В. П.: Когда я в 1999 году открывал свой фонд, то делал это отчасти из эгоистических соображений, мне хотелось облагородить среду вокруг себя, сделать так, чтобы приятнее жилось. Мы занимались благотворительной деятельностью и до создания фонда. В начале 1990-х делали небольшие пожертвования в самых разных областях. Я шел скорее по бизнесовой привычке, от спроса. Программы фонда мы начинали со стипендий. Я чувствовал, что студентам это нужно, а мне — интересно. Я же всегда был социально активным, и в школе, и в институте, и на работе — в каждой бочке затычка. От художественной самодеятельности до спорта и субботников — мне все это нравилось. А в 1990-е годы наступил период становления бизнеса, построения собственной компании, и я выпал из социальной жизни. Поэтому для меня начало работы со стипендиальными программами стало возвращением в привычный ритм жизни.
F.: У вашего фонда особые отношения с Эрмитажем.
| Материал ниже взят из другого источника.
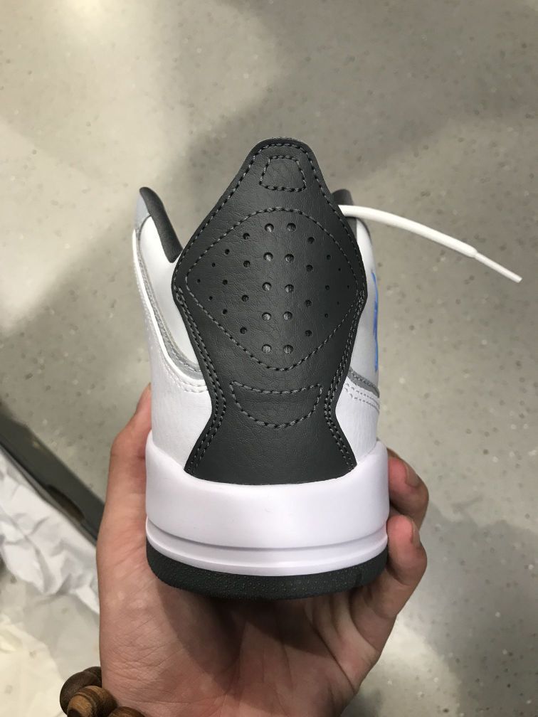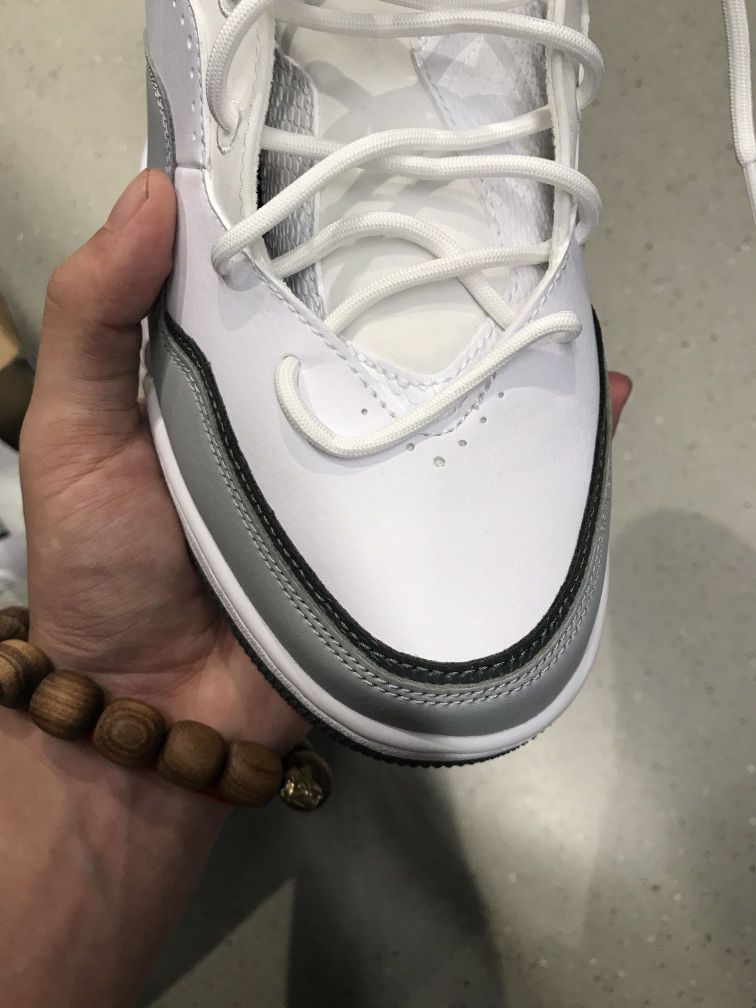 这双白灰色Courtside 23上脚挺舒服,鞋面软乎乎的,穿进去不挤脚,贴合得刚好。中帮设计不错,脚踝处裹得稳,不勒但有支撑,走路打球都自在。 白灰配色百搭,配啥裤子都不突兀。缓震不算特猛但够用,走路带点弹,打球落地不震脚。外底也耐磨,穿了段时间纹路没咋掉。 就是透气一般,大太阳天穿久了脚有点潮;防侧翻中规中矩,太猛的变向得自己注意点。日常穿或随便打打球挺合适

Правда ли, что Пиотровский приходит именно к вам советоваться по поводу своих контрактов и, например, это вы помогли ему урегулировать отношения с Фондом Гуггенхайма?
В. П.: Мы начали активно сотрудничать весной 2001 года. К тому времени мы уже несколько лет активно работали вместе с Михаилом Пиотровским, какая-то химия в отношениях возникла. Было создано небольшое бюро, приглашены юристы, специалисты по страхованию и перевозке предметов искусства, они готовили документы для переговоров. А совет мой Пиотровскому понадобился, когда уже совместно с Фондом Гуггенхайма был открыт Эрмитаж в Лас-Вегасе, в отеле The Venetian. Там шли две выставки: импрессионисты и постимпрессионисты из Эрмитажа и — не смейтесь — выставка мотоциклов, которую организовал директор Фонда Гуггенхайма Томас Кренц, фанат мотоспорта. Считалось, что выставки дополняют друг друга. Людям, которые зашли посмотреть живопись в перерывах между игрой в казино, конечно, многого не надо. А три-четыре зала в самый раз. Таким образом надеялись заработать какие-то деньги для Эрмитажа. Кренц, как нормальный жадный бизнесмен, позарился на долю в прибыли от проекта. Но прибыли большой не было. Очень дорого стоила аренда помещения в The Venetian. Владелец отеля как бизнесмен Кренца переиграл. И через несколько лет возник вопрос: что же дальше с музеем делать? И когда нужно было перезаключать контракт, Пиотровский пришел за советом. Я Михаилу Борисовичу подставил плечо в переговорах, со всеми нашими бизнесовыми приемчиками. И вышло так: насколько Пиотровскому трудно приходилось с Кренцем, настолько Кренцу стало нелегко, когда за переговоры взялся я. Что называется, связался черт с младенцем. Мы вернули все и даже больше. А через год Кренц уволился.
F.: Вы возглавляете попечительский совет музея, стали инициатором создания эндаумента Эрмитажа, вложив $6 млн. Что вам это дает — эмоциональное удовольствие, энергетическую подзарядку?